Creation of groups during a Reproducibility Day event. Ideally, the individual members have differing backgrounds/perspectives illustrated here with geometric shapes.

The Reproducibility Day defines an event that takes place twice a year. Following a short introduction in the morning, all participants are assigned into groups of 2 to 3 people ideally with varying research background/perspectives. During the day, each group goes through two event blocks consisting of a “reproducibility” and a following “feedback” task. The “reproducibility” task is designed to give each group member time to reproduce their team partners work. This is done based on some pre-defined starting materials accessible to the whole research group. After working on reproducing their team partners work solely by themselves, the individual teams meet during the "feedback" task and discuss open questions, challenges, and exchange feedback about code and documentation before going into the second round of the event block in the afternoon. The event closes with a general meeting of all participant in which challenges, potential improvements about the concept of the day, and adaptions of the local reproducibility guidelines are discussed. Additional social activities following the event are generally recommended.

Illustration of a typical timetable for the Reproducibility Day event. It mainly consists of two event blocks with a "reproducibility" and a "feedback" task.

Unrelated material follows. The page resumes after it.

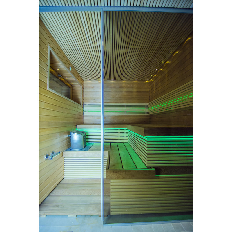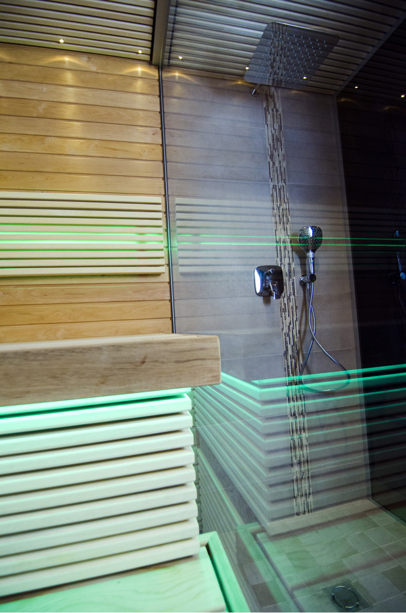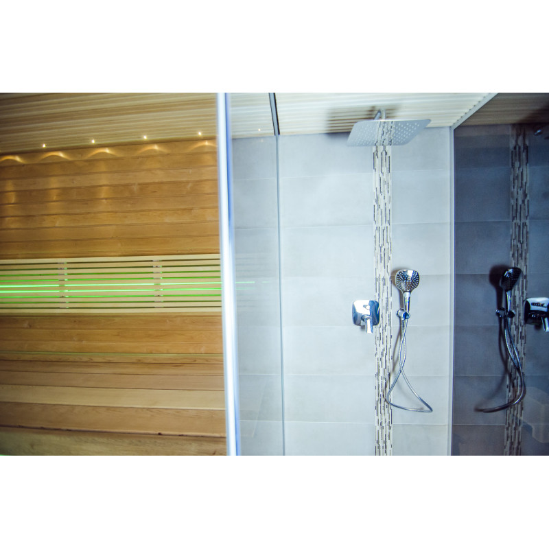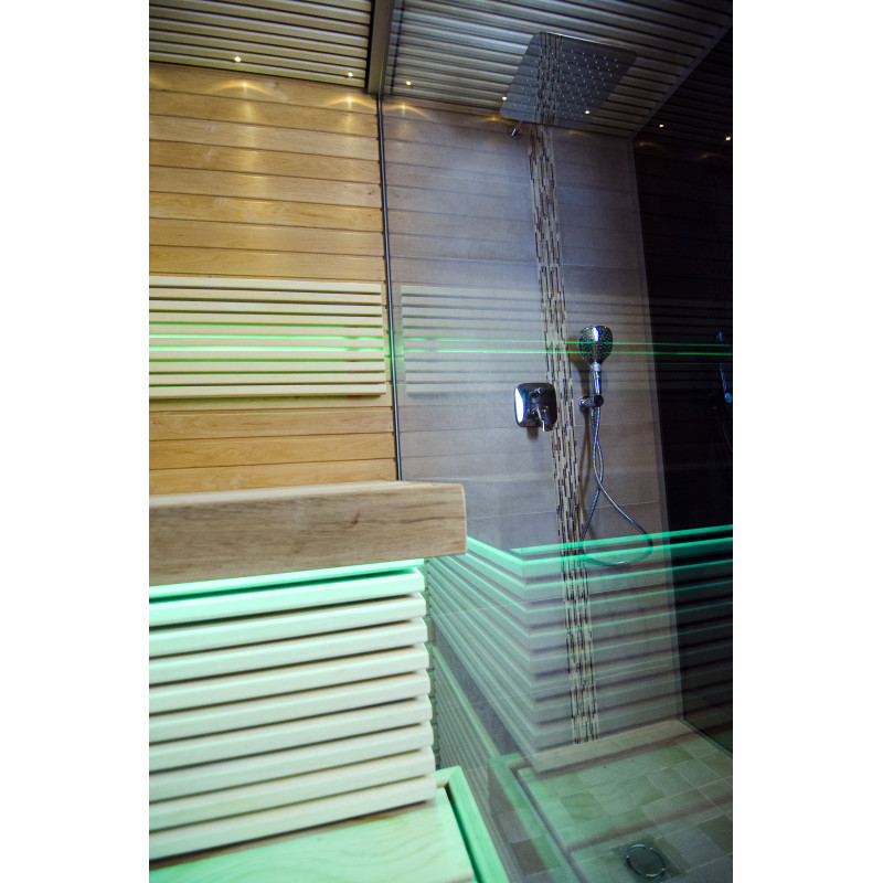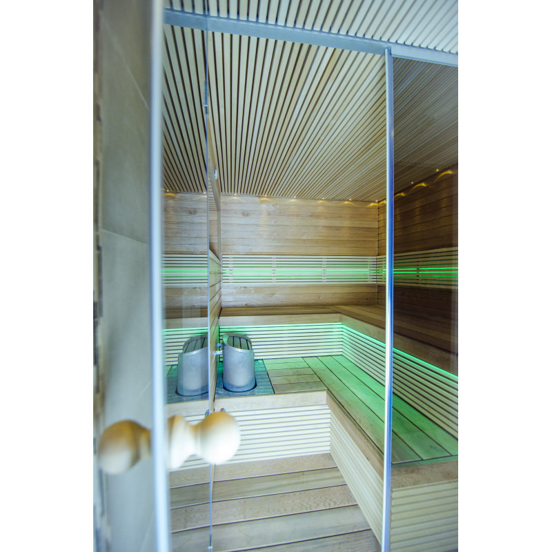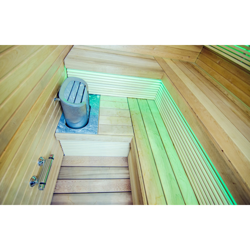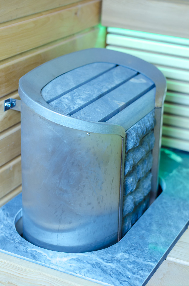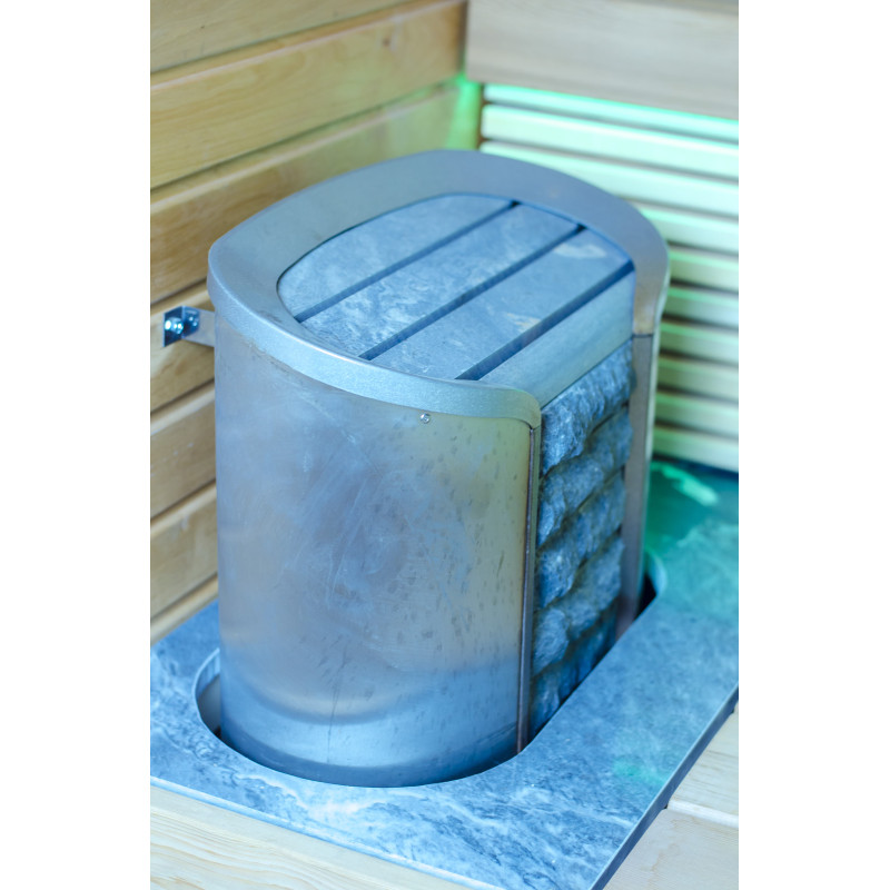 Marginea de protecție a încălzitorului este piatră de granit. În încălzitor a fost introdusă o conductă de abur de la generatorul de abur al saunei cu abur, ceea ce permite obținerea unei umidități mult mai mari în camera de saună. Toate acestea sunt combinate într-un singur sistem de management comun. Aceasta este o alegere excelentă dacă nu aveți condițiile pentru a instala o baie de aburi și o saună.

To run smoothly, the Reproducibility Day requires some preparation. First, a base documentation need to be defined. It is the centralized starting point for each participant to reproduce their team partners work during the "reproducibility" task. Ideally, this documentation already includes references and details about the to-be-reproduced project acting as a central landing page with all required information easily accessible. Here, solutions based on internal media wikis are recommendable, but as long as all group members have access to it and references to git repositories, archive paths, general text-based documentation, presentations, images, and videos can be stored every centralized documentation tool should be sufficient. On a daily basis, every group member is responsible for their own project landing pages and is required to keep them up-to-date. Additionally, local reproducibility and/or good-scientific-praxis guidelines are recommended. They provide guidance about the style and content of the documentation and significantly simplify the on-boarding of new group members. These guidelines can be discussed and updated with every iteration of the Reproducibility Day event.

Illustration of the advantages of the Reproducibility Day for the individual participants on the left and the local institution on the right.

From an individual perspective the Reproducibility Day creates a relaxed and socially comfortable atmosphere to experience and learn about the benefits and challenges of reproducible research. The participants benefit from learning about other projects, new tools, and receive feedback about their own work that strengthens social connections and internal collaborations, improves documentation, as well as the individual development of each participant.
From an institutional point-of-view, documentation is created and continuously revised by people with different perspectives. By combining this overall improvement of the documentation with the distribution of knowledge across the group, due to revisiting other group members work continuously, the loss of knowledge, especially in areas of high personnel fluctuations, can be reduced.